Kiran Bala Govil ( Sachdev; 9 July 1944 – 18 November 2022), known professionally as Tabassum, was an Indian actress, talk show host and YouTuber, who started her career as child actor Baby Tabassum in 1947. She later had a television career as the host of first TV talk show of Indian television, Phool Khile Hain Gulshan Gulshan. It ran on National broadcaster Doordarshan from 1972 to 1993, wherein she interviewed film and TV personalities.

Early life and background
Tabassum was born in Mumbai, then known as Bombay, in 1944 to Ayodhyanath Sachdev, an Indian freedom fighter, and Asghari Begum, a freedom fighter, journalist and author. She explained how she was named in an interview in 2014:
My father named me 'Tabassum', keeping my mother's religious sentiments in mind. My mother kept my name 'Kiran Bala', keeping my father's religious sentiments in mind. My name on all official documents was 'Kiran Bala Sachdev'. After marriage, it became 'Kiran Bala Govil'. 'Tabassum' is my screen name; it means muskhurahat (smile).

Career

Tabassum made her film debut as a child actor with Nargis (1947) followed by Mera Suhaag (1947), Manjhdhar (1947) and Bari Behen (1949). Later in Deedar (1951), directed by Nitin Bose, she played the childhood role of Nargis; the hit song Bachpan Ke Din Bhula Na Dena sung by Lata Mangeshkar and Shamshad Begum was picturised on her. Also, in the next year, she appeared in another important film Baiju Bawra (1952) directed by Vijay Bhatt, where she appeared in the childhood role of Meena Kumari. She also worked in the popular film Phir Wohi Dil Laya Hoon starring Joy Mukherjee and Asha Parekh. She also starred in the beautiful song 'Aji qibla mohtarma'. After a gap, she reentered films in adult roles, working as a character actress.

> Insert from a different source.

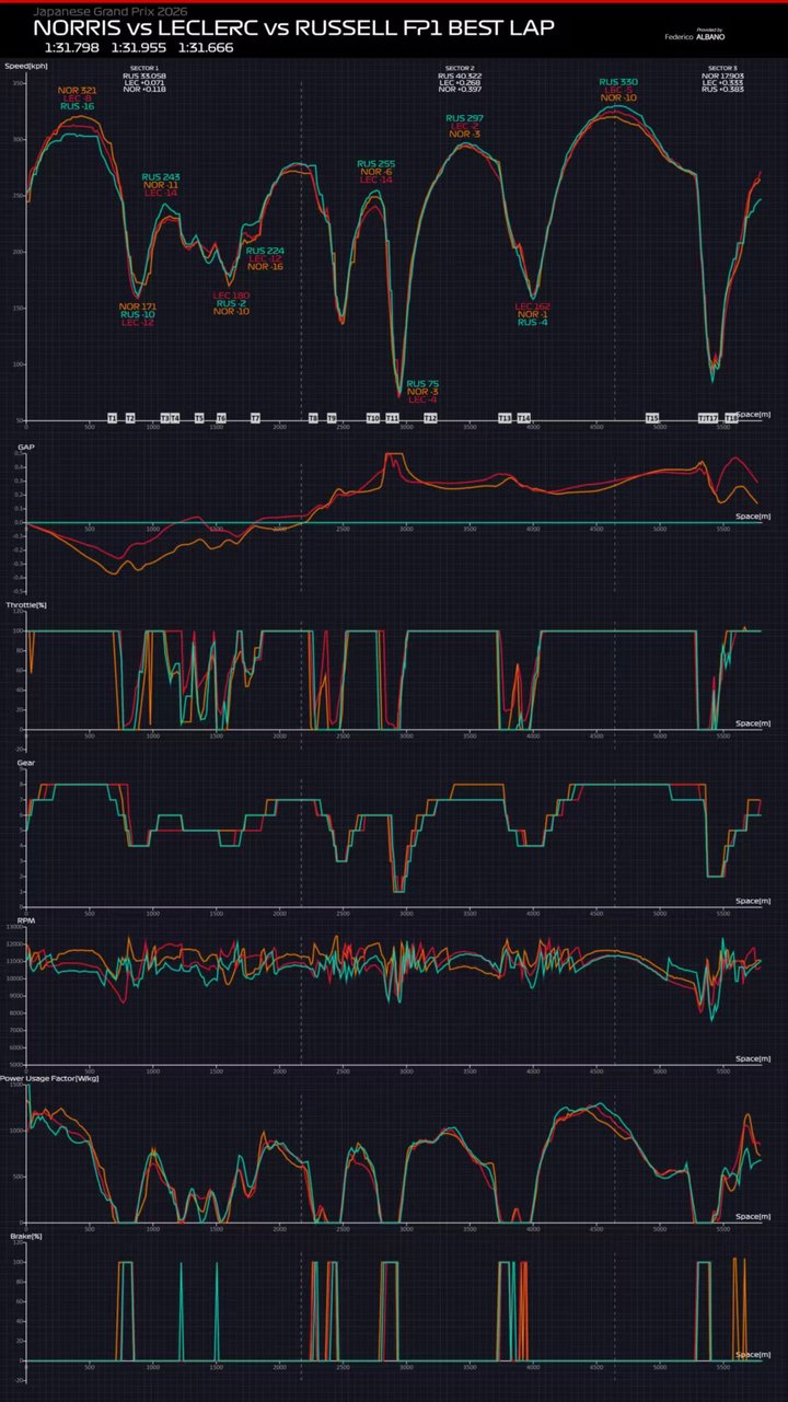 而且梅赛德斯赛车的高速弯表现不错,他们依靠S1的弯中表现已经反超了对手在主直道上放电获得的优势。并且在S2巩固了自己的领先优势。

Tabassum hosted the first talk show of Indian television, Phool Khile Hain Gulshan Gulshan, which ran for 21 years from 1972 to 1993. Produced by Doordarshan Kendra Mumbai, it was based on interviews of film celebrities and became immensely popular. This also led to a career as stage compere. She was also the editor of Grihalaxmi, a Hindi women's magazine for 15 years and wrote many joke books.

In 1985, she directed, produced and wrote her first film, Tum Par Hum Qurban. In 2006, she returned to television, as an actress in Pyaar Ke Do Naam: Ek Raadha, Ek Shyaam, produced by Rajshri Productions. She became a judge in a reality stand-up comedy show Ladies Special (2009) on Zee TV.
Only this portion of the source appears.